Action item:
Exactly retype the lines from the top of the data through the line containing "The new KAPEX", leaving out every picture.

The data:
____
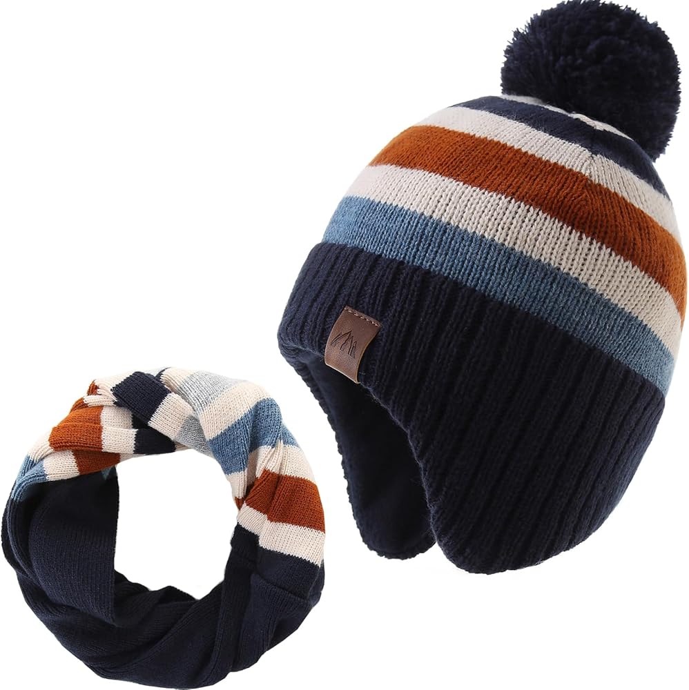 قبعات مون كيتي للأطفال الصغار قبعات شتوية للأولاد الصغار من الصوف للتزلج مع غطاء أذن دافئ
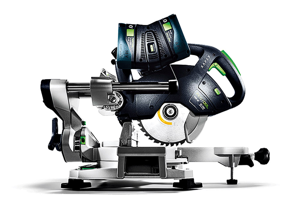 The new KAPEX KSC 60 cordless sliding compound mitre saw produces precise crosscuts in a range of applications with mitre angles of up to 60 degrees on each side and bevel angles of up to 46 degrees right and 47 degrees left. The twin-column guide with two bearings ensures that the saw blade is guided smoothly and with precision whichever setting is chosen. In conjunction with the dual battery system, the brushless EC-TEC motor provides extended endurance.
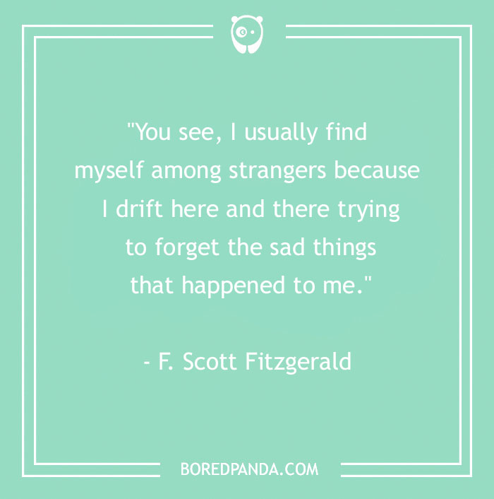 "You see, I usually find myself among strangers because I drift here and there trying to forget the sad things that happened to me." - F. Scott Fitzgerald
____
Result:
 قبعات مون كيتي للأطفال الصغار قبعات شتوية للأولاد الصغار من الصوف للتزلج مع غطاء أذن دافئ
 The new KAPEX KSC 60 cordless sliding compound mitre saw produces precise crosscuts in a range of applications with mitre angles of up to 60 degrees on each side and bevel angles of up to 46 degrees right and 47 degrees left. The twin-column guide with two bearings ensures that the saw blade is guided smoothly and with precision whichever setting is chosen. In conjunction with the dual battery system, the brushless EC-TEC motor provides extended endurance.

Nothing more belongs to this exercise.